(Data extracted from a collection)

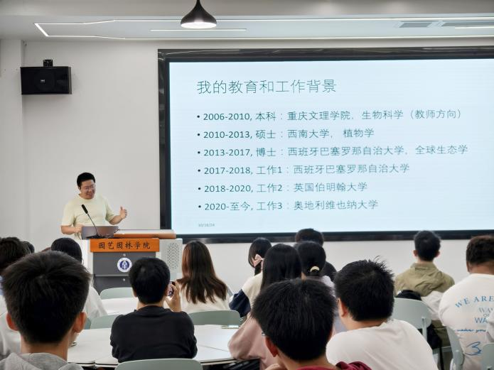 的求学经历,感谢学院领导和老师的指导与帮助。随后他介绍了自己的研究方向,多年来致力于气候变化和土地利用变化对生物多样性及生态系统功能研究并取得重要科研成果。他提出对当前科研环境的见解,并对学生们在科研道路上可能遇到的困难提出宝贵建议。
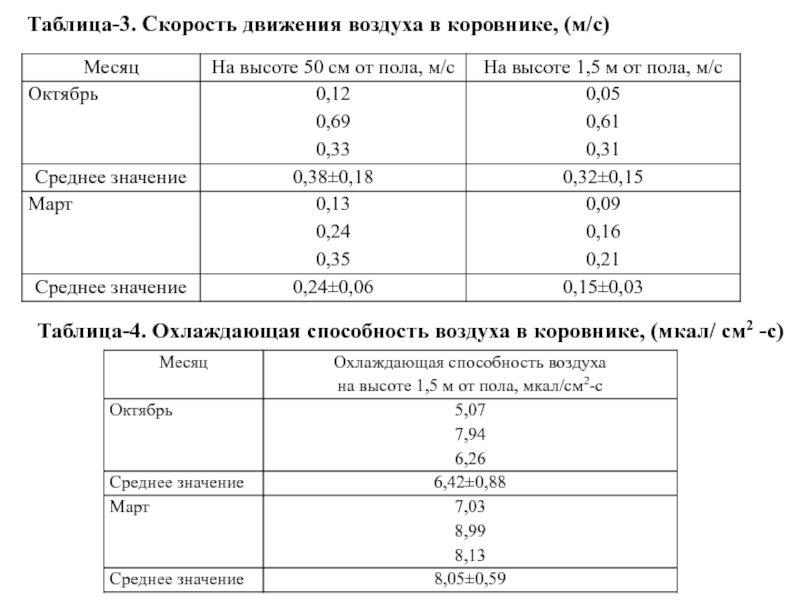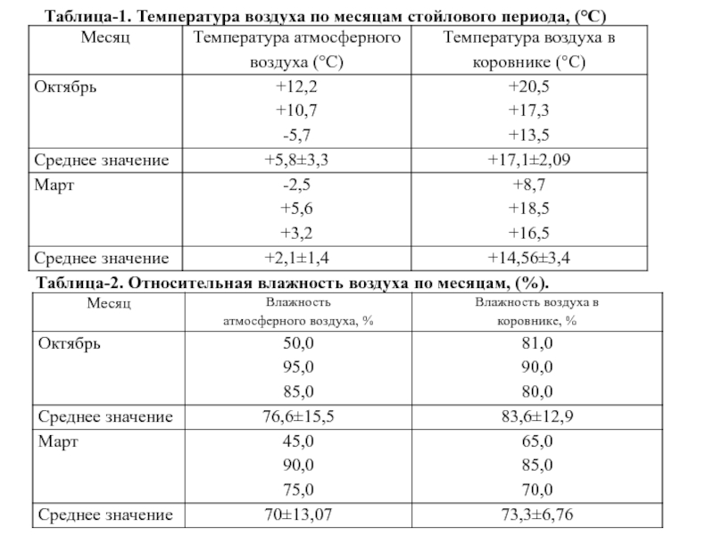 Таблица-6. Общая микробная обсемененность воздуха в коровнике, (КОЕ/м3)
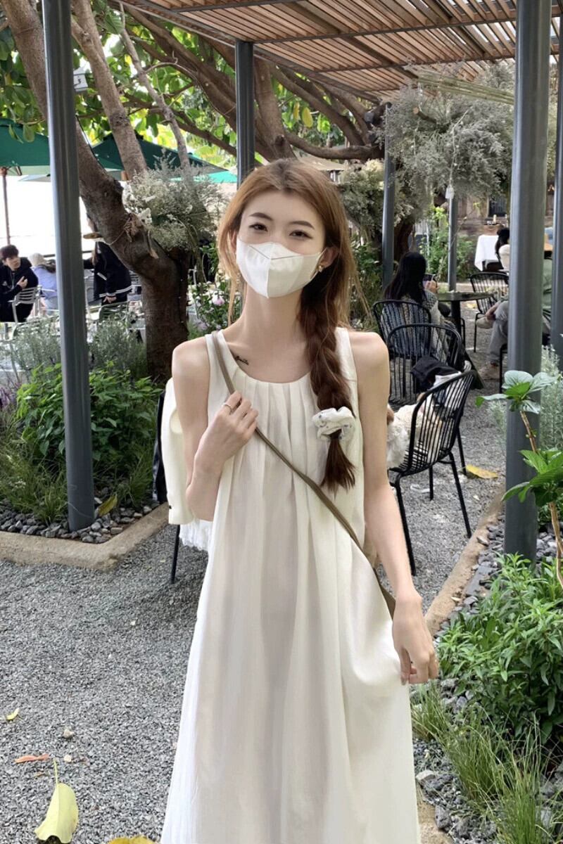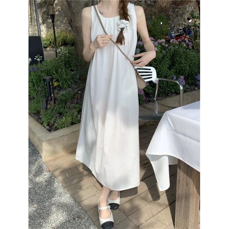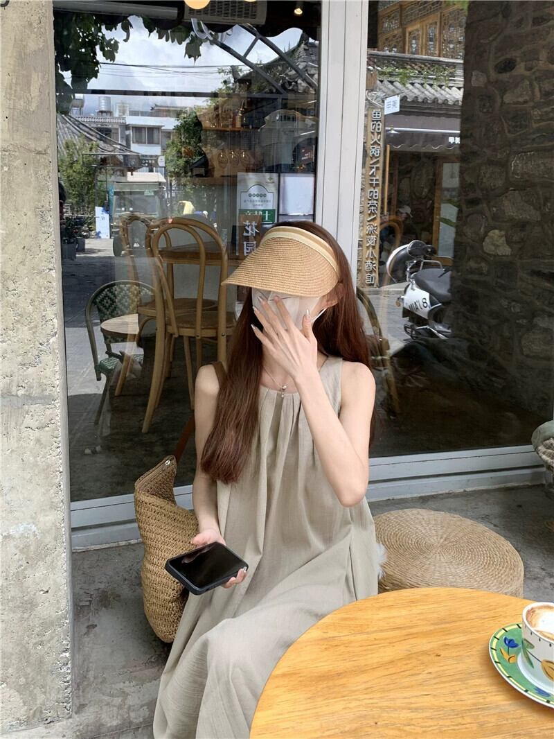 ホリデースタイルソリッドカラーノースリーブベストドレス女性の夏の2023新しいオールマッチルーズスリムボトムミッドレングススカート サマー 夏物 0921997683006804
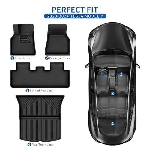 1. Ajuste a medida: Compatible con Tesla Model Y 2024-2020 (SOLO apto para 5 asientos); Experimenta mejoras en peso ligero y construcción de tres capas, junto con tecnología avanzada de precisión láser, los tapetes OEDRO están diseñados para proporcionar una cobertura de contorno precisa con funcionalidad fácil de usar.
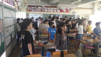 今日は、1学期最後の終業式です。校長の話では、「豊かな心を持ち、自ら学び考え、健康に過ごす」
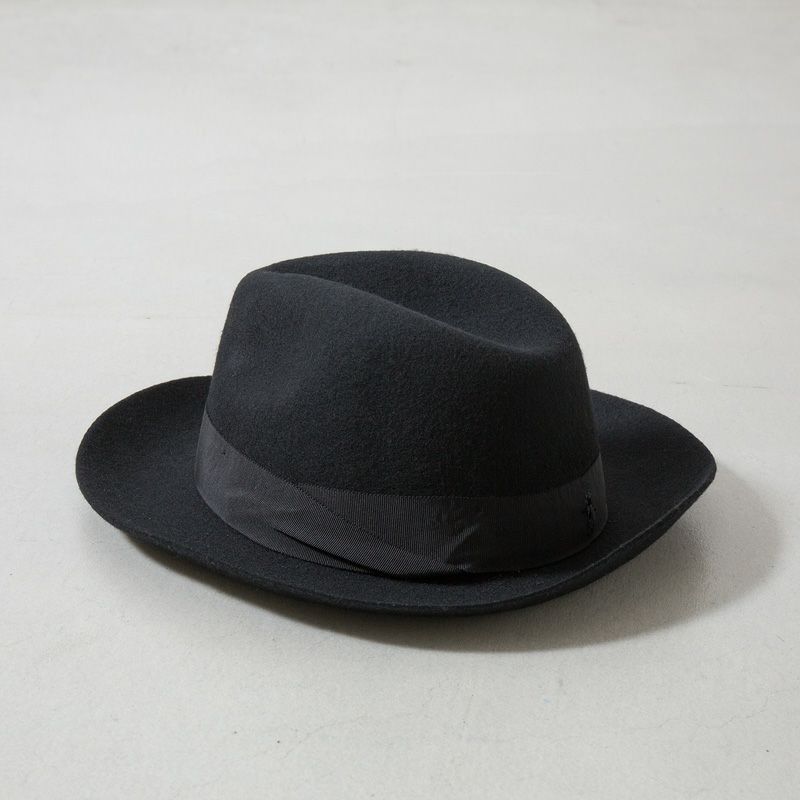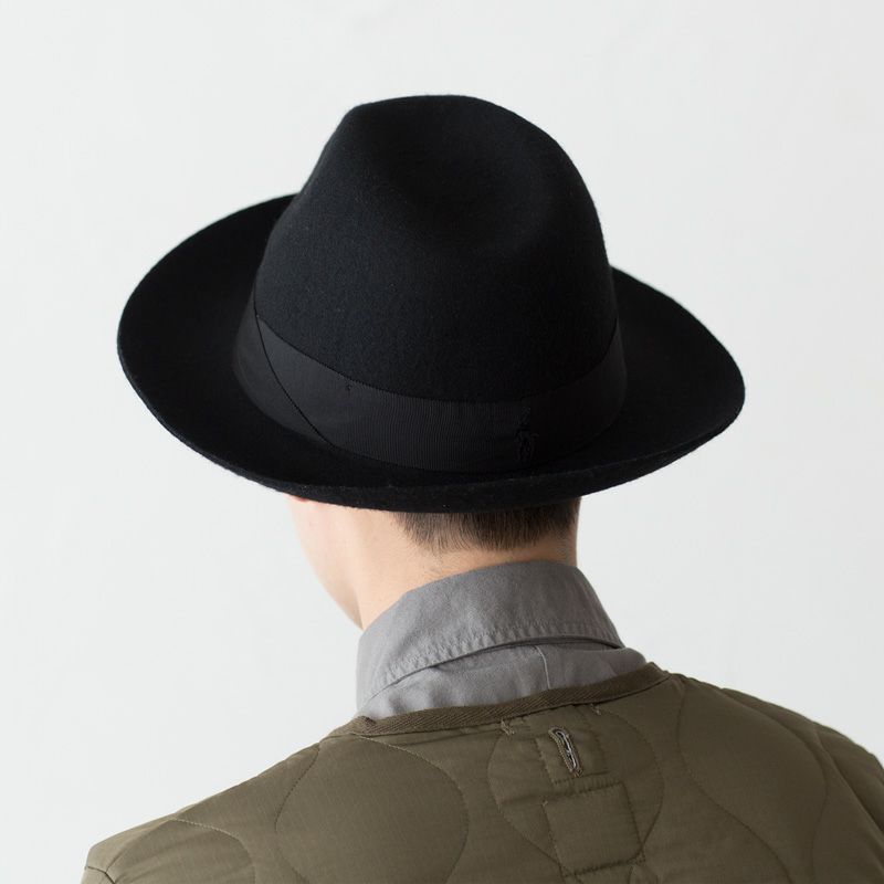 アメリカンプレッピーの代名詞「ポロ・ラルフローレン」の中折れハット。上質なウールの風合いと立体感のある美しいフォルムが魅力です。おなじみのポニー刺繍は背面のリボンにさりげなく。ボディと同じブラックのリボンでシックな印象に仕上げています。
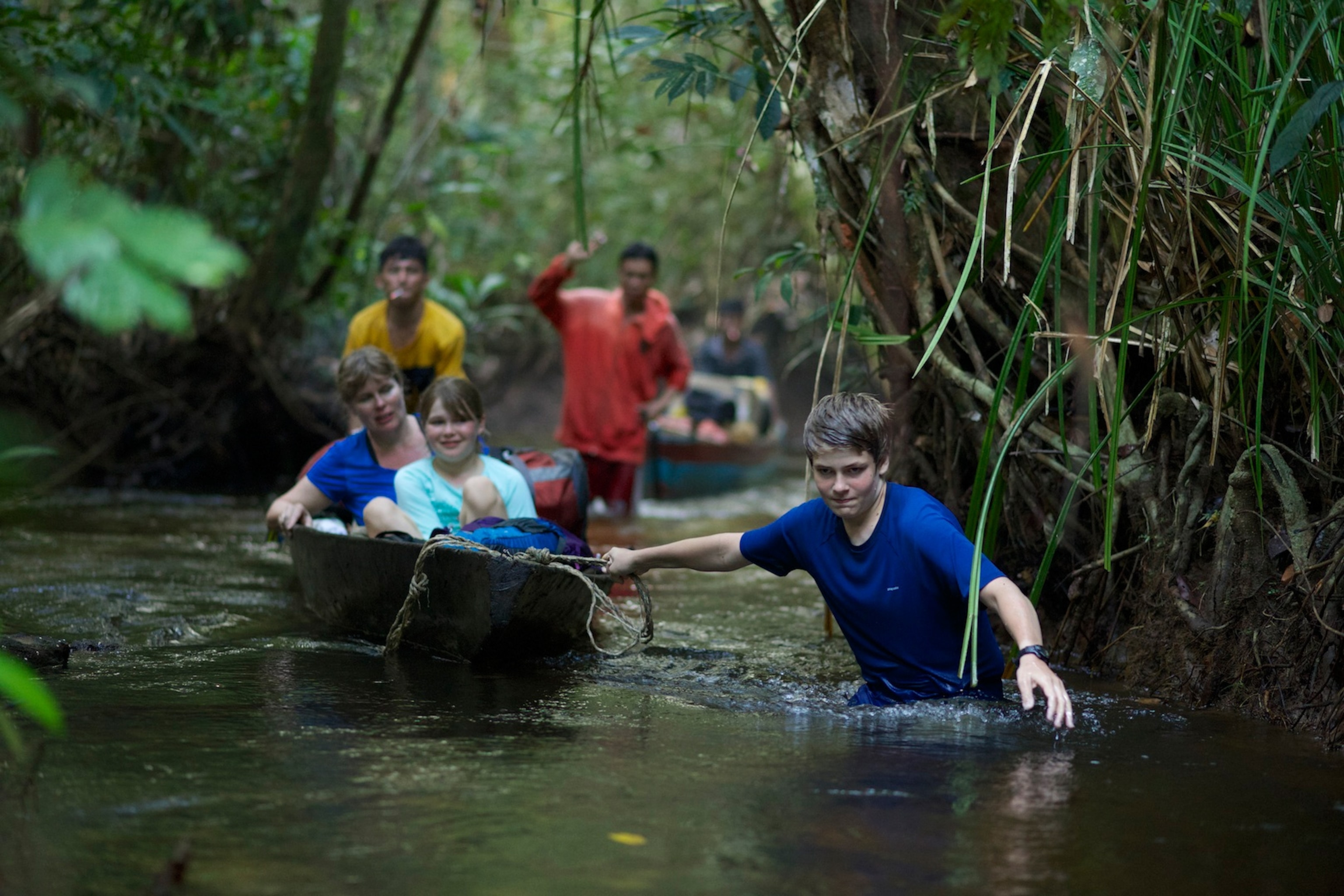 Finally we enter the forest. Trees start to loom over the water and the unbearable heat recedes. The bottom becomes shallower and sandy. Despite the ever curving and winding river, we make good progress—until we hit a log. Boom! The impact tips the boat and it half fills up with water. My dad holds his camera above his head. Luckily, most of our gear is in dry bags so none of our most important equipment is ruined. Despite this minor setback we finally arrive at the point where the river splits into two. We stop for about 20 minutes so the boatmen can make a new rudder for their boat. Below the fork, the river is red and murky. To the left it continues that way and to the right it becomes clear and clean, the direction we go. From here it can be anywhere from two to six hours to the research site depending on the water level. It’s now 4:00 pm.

## Work item
Copy out only the lines beginning at the line with "1. Ajuste a" and ending at the last line of the entries. Keep them exact; drop pictures.

## Solution to this task
 1. Ajuste a medida: Compatible con Tesla Model Y 2024-2020 (SOLO apto para 5 asientos); Experimenta mejoras en peso ligero y construcción de tres capas, junto con tecnología avanzada de precisión láser, los tapetes OEDRO están diseñados para proporcionar una cobertura de contorno precisa con funcionalidad fácil de usar.
 今日は、1学期最後の終業式です。校長の話では、「豊かな心を持ち、自ら学び考え、健康に過ごす」
 アメリカンプレッピーの代名詞「ポロ・ラルフローレン」の中折れハット。上質なウールの風合いと立体感のある美しいフォルムが魅力です。おなじみのポニー刺繍は背面のリボンにさりげなく。ボディと同じブラックのリボンでシックな印象に仕上げています。
 Finally we enter the forest. Trees start to loom over the water and the unbearable heat recedes. The bottom becomes shallower and sandy. Despite the ever curving and winding river, we make good progress—until we hit a log. Boom! The impact tips the boat and it half fills up with water. My dad holds his camera above his head. Luckily, most of our gear is in dry bags so none of our most important equipment is ruined. Despite this minor setback we finally arrive at the point where the river splits into two. We stop for about 20 minutes so the boatmen can make a new rudder for their boat. Below the fork, the river is red and murky. To the left it continues that way and to the right it becomes clear and clean, the direction we go. From here it can be anywhere from two to six hours to the research site depending on the water level. It’s now 4:00 pm.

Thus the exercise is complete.